▶ Requirement: Find each line in the records below that contains the word "this", and copy it out.
### Provided entries
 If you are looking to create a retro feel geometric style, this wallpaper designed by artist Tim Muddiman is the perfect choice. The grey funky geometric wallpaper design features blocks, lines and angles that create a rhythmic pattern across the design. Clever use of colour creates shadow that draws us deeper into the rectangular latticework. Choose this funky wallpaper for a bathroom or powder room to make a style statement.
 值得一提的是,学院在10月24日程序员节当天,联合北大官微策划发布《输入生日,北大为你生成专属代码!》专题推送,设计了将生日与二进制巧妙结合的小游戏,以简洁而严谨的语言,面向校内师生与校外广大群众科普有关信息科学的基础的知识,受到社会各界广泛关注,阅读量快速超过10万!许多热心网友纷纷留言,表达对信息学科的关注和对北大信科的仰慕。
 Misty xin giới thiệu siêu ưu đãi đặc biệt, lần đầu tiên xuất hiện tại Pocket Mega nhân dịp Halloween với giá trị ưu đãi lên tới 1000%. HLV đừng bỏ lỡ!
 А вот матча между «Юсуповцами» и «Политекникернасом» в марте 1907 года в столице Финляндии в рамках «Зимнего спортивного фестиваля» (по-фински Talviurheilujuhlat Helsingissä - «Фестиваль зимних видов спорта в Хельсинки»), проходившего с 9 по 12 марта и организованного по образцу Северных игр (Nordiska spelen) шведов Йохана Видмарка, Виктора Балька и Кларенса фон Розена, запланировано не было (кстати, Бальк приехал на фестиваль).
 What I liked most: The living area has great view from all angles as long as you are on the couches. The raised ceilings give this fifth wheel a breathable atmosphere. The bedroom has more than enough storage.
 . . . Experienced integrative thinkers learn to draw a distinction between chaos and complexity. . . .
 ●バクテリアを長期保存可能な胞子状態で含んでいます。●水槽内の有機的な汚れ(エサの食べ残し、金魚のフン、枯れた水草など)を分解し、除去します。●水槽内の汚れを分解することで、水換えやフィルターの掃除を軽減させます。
######
▶ Completed task:
 If you are looking to create a retro feel geometric style, this wallpaper designed by artist Tim Muddiman is the perfect choice. The grey funky geometric wallpaper design features blocks, lines and angles that create a rhythmic pattern across the design. Clever use of colour creates shadow that draws us deeper into the rectangular latticework. Choose this funky wallpaper for a bathroom or powder room to make a style statement.
 What I liked most: The living area has great view from all angles as long as you are on the couches. The raised ceilings give this fifth wheel a breathable atmosphere. The bedroom has more than enough storage.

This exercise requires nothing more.